И все-таки, как все связанное с упрямством оставляет в душе тайное недовольство, так и у него нельзя сказать, чтобы все было совершенно спокойно на сердце. Как ни весело, казалось, ходить без помочей и соглядатаев, но все-таки это было уже не то чувство, которое он испытывал несколько лет тому назад, во время первых своих путешествий. В те минуты, когда он отдавал себе полный отчет в своих ощущениях, когда он не хотел себя ни ослеплять, ни обманывать, ему приходилось с некоторым стыдом сознаваться, что он уже не настолько молод для того, чтобы удовлетвориться вполне жизнью искателя приключений, состоящей лишь в перемене пестрых сцен. Он сознавал, что в зрелые годы как-то обращаешь более внимания на пьесу и роль, которую в ней играешь, чем на кулисы и зрителей, сидящих в партере.

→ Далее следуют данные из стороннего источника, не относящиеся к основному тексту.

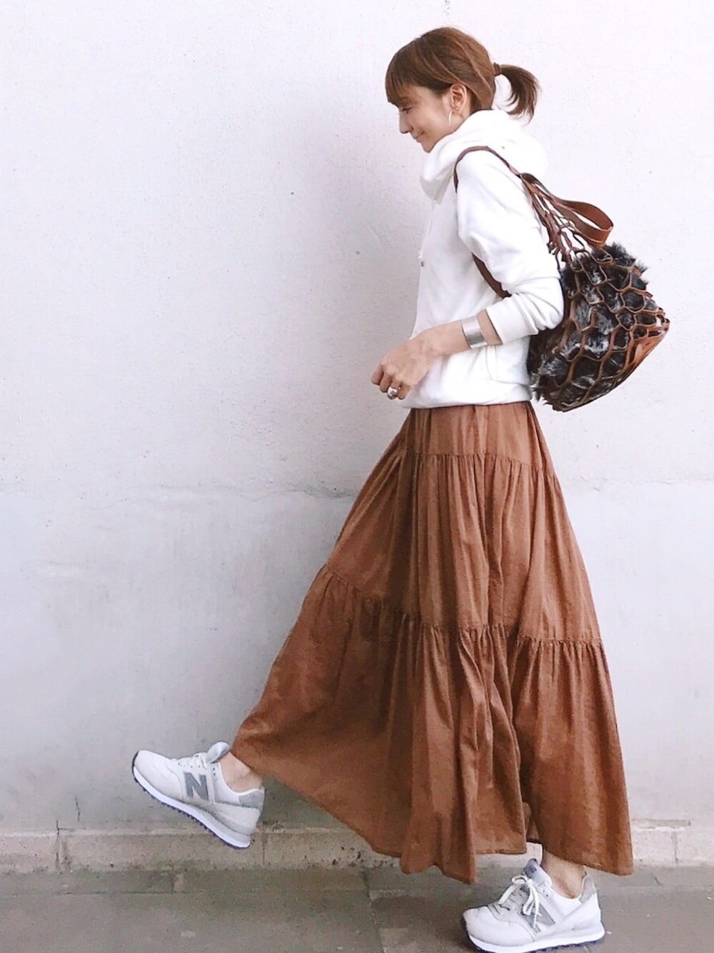 パーカー × マキシスカート 秋のカジュアルコーデは、パーカーにお任せ🥺💕💕 秋のカフェオレコーデ☕️ミルク多め🥛
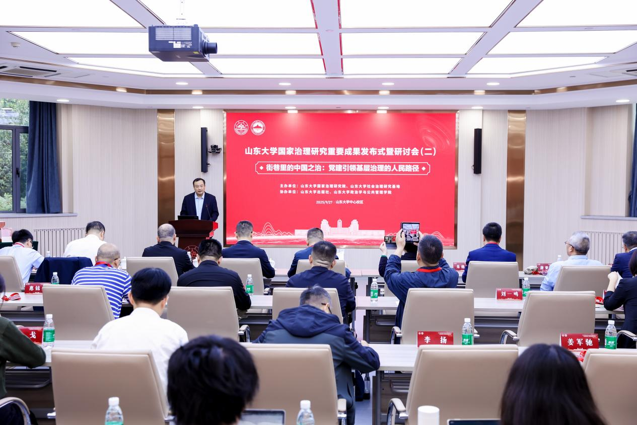 山东大学聚焦国家重大战略需求,服务地方经济社会发展,自2025年起连续举办“国家治理研究重要成果发布会”系列活动,旨在进一步深化研究年度具有较大社会影响力的重点项目成果,持续推进国家治理体系和治理能力现代化的经验总结与理论创新。本次会议由山东大学国家治理研究院、山东大学社会治理研究基地主办,山东大学出版社、山东大学政治学与公共管理学院协办,得到了中国社会科学报、山东广播电视台、大众日报、济南日报、《山东大学学报(哲学社会科学版)》《当代世界社会主义问题》《东岳论丛》等期刊和媒体的支持。来自尼山世界儒学中心、中国海洋大学等高校的专家学者,山东大学国家治理研究院、政治学与公共管理学院、经济学院等师生代表70余人参加会议。
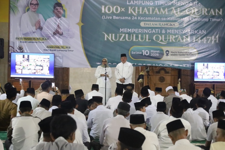 Harianpilar.com, Lampung Timur – Pemerintah Kabupaten Lampung Timur menggelar kegiatan Lampung Timur Mengaji 100 Kali Khatam Al-Qur’an dalam rangka memperingati dan mensyiarkan Nuzulul Qur’an 1447 Hijriah, Selasa (10/03/2026).

Сначала Феликс серьезно и с жаром принялся за ученье. Но у него была слишком чувствительная совесть для того, чтобы пройти забвением слова, сказанные ему Янсеном относительно художнического его призвания. Если бы друг отнесся радушно к его решению, то, почем знать, может быть, он, несмотря на все недостающее ему для счастья, почувствовал бы себя тем не менее хорошо, насколько вообще это возможно в нашем несовершенном мире. Теперь же гордое сердце Феликса шептало ему, что хорошие, добрые окружающие его люди в душе не считают его правым и смотрят на него, как на странного человека, бросившегося на искусство за отсутствием другой подходящей благородной страсти и, так сказать, из одного каприза.